Most coverage of humanoid robotics has understandably focused on hardware design. Given how often their developers throw around the phrase “general purpose humanoids”, more attention should be paid to the first part. After decades of single-purpose systems, the leap to more generalized systems will be a long one. We’re just not there yet.
The drive to produce a robotic intelligence that can take full advantage of the wide range of motion opened up by the bipedal humanoid design has been a key issue for the researchers. The use of generative artificial intelligence in robotics is also a topic that has become very hot recently. New research from MIT points out how the latter can profoundly affect the former.
One of the biggest challenges on the road to general purpose systems is education. We have a thorough understanding of best practices for training people how to do different jobs. Approaches to robotics, while promising, are fragmented. There are many promising methods, including reinforcement and imitation learning, but future solutions will likely involve combinations of these methods, augmented by artificial intelligence generation models.
One of the main use cases proposed by the MIT team is the ability to glean relevant information from these small datasets for specific tasks. The method has been called policy composition (PoCo). Tasks include useful robot actions such as hitting a nail and hitting things with a spatula.
“[Researchers] train a separate diffusion model to learn a strategy or policy for completing a task using a specific data set,” the school notes. “They then combine the policies learned from the diffusion models into a general policy that allows a robot to perform multiple tasks in various settings.”
According to MIT, incorporating diffusion models improved task performance by 20%. This includes the ability to perform tasks that require multiple tools, as well as learning/adapting to unfamiliar tasks. The system is able to combine relevant information from different data sets into a chain of actions required to perform a task.
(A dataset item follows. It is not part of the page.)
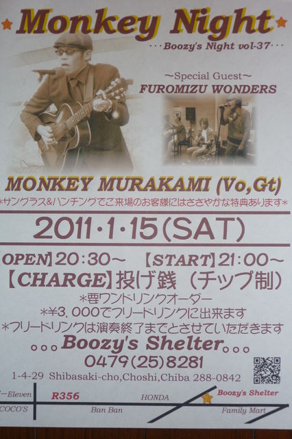 管理人さま告知失礼いたします。 Boozy's Night vol-37 【開催日時】 2011.1.15 (土) OPEN 20:30〜 START 21:00〜 【CHARGE】 投げ銭(チップ制) *要ワンドリンクオーダー *¥3,000でフリードリンクに出来ます *フリードリンクは演奏終了までとなります *今回もモンキーさんのトレードマークであるハンチング&サングラス姿でご来場のお客様には特典付けちゃいます!!! 【開催場所、お問い合わせ】 Boozy's Shelter (ブージーズ・シェルター)

“One of the advantages of this approach is that we can combine policies to get the best of both worlds,” says the paper’s lead author, Lirui Wang. “For example, a policy trained on real-world data may be able to achieve more skill, while a policy trained on simulation may be able to achieve greater generalization.”
The goal of this work is to create intelligence systems that allow robots to exchange different tools to perform different tasks. The proliferation of multipurpose systems would bring the industry one step closer to the dream of universal use.